Work order> I need every line of the material below that includes the string "featuring".

Source data>
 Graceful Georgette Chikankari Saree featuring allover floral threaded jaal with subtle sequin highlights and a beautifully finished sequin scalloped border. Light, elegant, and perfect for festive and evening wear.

* * *

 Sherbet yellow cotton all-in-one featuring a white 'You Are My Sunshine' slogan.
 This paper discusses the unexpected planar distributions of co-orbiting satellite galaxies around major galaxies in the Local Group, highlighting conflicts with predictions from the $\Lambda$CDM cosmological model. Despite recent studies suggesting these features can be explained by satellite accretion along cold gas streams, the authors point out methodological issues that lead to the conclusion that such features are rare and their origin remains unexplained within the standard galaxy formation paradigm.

Response to the task>
 Graceful Georgette Chikankari Saree featuring allover floral threaded jaal with subtle sequin highlights and a beautifully finished sequin scalloped border. Light, elegant, and perfect for festive and evening wear.
 Sherbet yellow cotton all-in-one featuring a white 'You Are My Sunshine' slogan.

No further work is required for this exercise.